Assuming your Core Values are in place and practiced, let me share a clue usually overlooked by the typical business detective. Clue #2 thinks all problems are execution problems when some are people problems. When you misdiagnose business problems, you waste time and resources and squander an intangible called morale. Sometimes, your team doesn’t have the skills that they need, and sometimes, they don’t have the leadership that inspires them to achieve the necessary goals. Let’s examine three master detective tools to keep you from misdiagnosis and your business off the murder mystery menu.

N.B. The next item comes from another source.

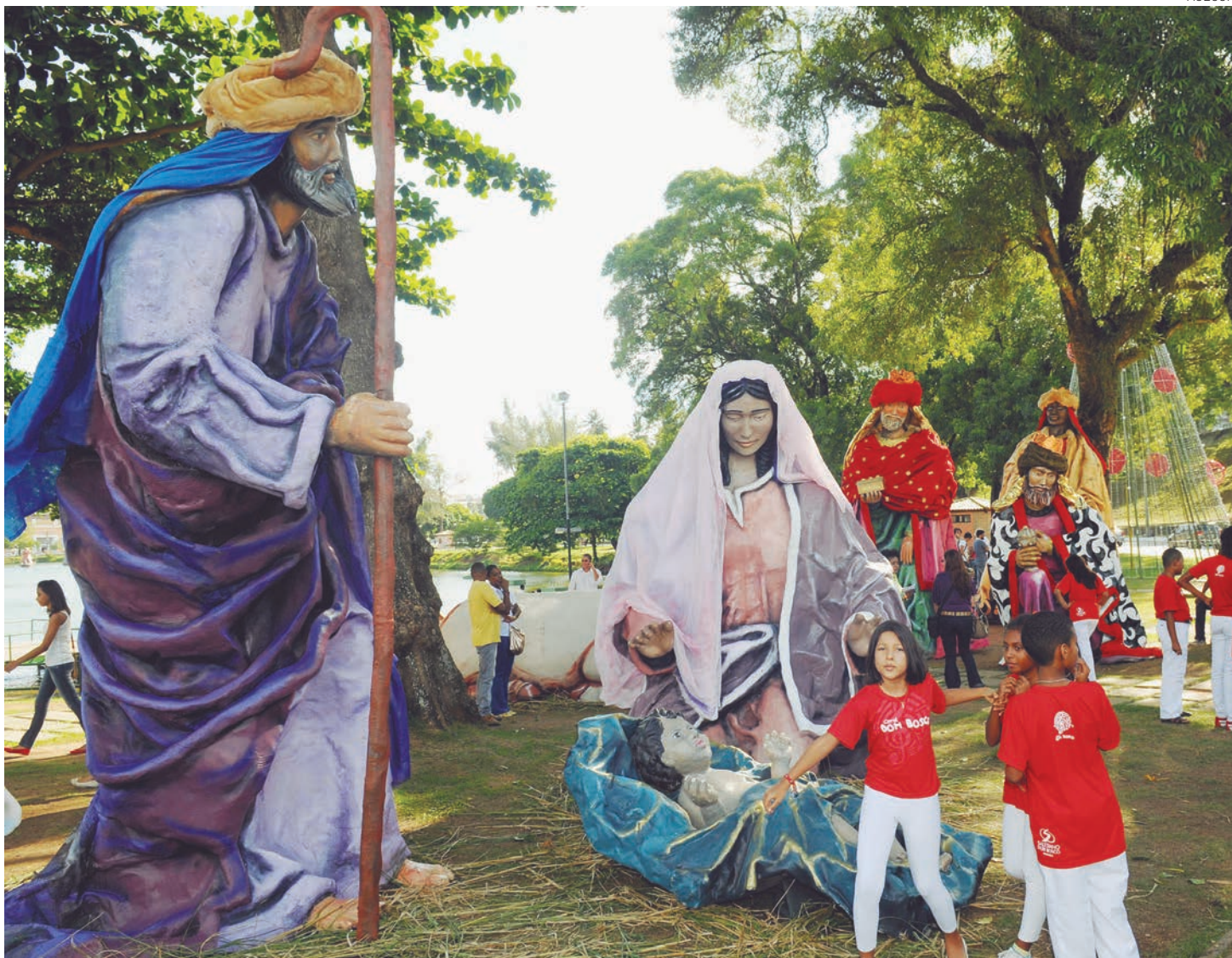
O presépio gigante será inaugurado hoje e ficará no Dique até 6 de janeiro, Dia de Reis. O ano passado, a atração encantou crianças e adultos

Is Your Business a Murder Mystery

Detective Tool #1: Future Organization Roles and Skills Tool

Completing this tool will offer clues on whether you are adequately staffed for the right roles in the future. Carefully examine the roles and skills required to connect with your organization's future. It will help you think about your roles, the results, and the skills needed to reach those results. Discussing this document with your senior leaders may reveal additional insights and clues. One common discovery is that current senior team members are confident that they are qualified for future roles–yet CEOs sometimes know that they are not. This leads us to ask two questions: 1) is the CEO right? and 2) Can the person develop the skills for the job?

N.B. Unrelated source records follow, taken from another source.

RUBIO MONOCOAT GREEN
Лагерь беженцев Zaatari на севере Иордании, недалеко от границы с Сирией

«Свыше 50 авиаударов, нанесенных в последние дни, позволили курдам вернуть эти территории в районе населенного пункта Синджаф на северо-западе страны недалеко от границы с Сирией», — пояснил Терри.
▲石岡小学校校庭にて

No matter how you approach this issue, remember that many team members will automatically feel threatened by creating their future roles and skills unless you make it safe. You can make it safe by focusing on the roles and skills rather than the person. 

Finally, consider these helpful tips when working through this tool with your team: don’t stop the input… write it down, keep it a safe environment, be open, and listen without judgment.

Detective Tool #2: Tool to Assess and Develop Leaders

Completion of this tool will offer a baseline for personal development plans or, as we call them, Path of Progress (POP). This document is often completed only by a department leader or CEO. You’ll think through three steps: 1) Who are the internal candidates who could fill this role? (Gaps indicate a future hiring need.) 2) You will assess their strengths, skills, and leadership abilities to develop then. 3) Develop a Path of Progress and growth/work needed to improve/fill gaps.

Detective Tool #3 Job Scorecard

Notice that this tool is named a Job Scorecard, not a person scorecard. The objective of discovering these clues is to provide clear goals, expectations, and feedback for each team member so that they can significantly multiply their contribution to the company and to their own success. 

In completing the Job Scorecard, you’ll be guided through thinking about the purpose of this job (why this position exists, the overall purpose within the organization), desired results (visible and measurable evidence that the responsibilities are being met, the purpose is being fulfilled), skills and competencies (the specific traits necessary for success in this role), key responsibilities (particular actions or tasks required to fulfill this role’s purpose), and living core values (behavior demonstrating an understanding of and alignment with your stated core values). 

The two clues and three tools above will lead you to the correct hypothesis–a fast-growing company. With Core Values in place, the proper diagnosis of people versus execution issues, the consistent use of the Future Roles and Skills Tool, the Tool to Assess and Develop Leaders, and the Job Scorecard, you’ll be like a great detective. You’ll read the right clues and have the proper tools to make better decisions–perhaps the right decisions, and certainly NOT emotional ones. Our experience with clients is that fast-growth companies do this, and average companies don’t so get to work, master detective, and write to me with your results.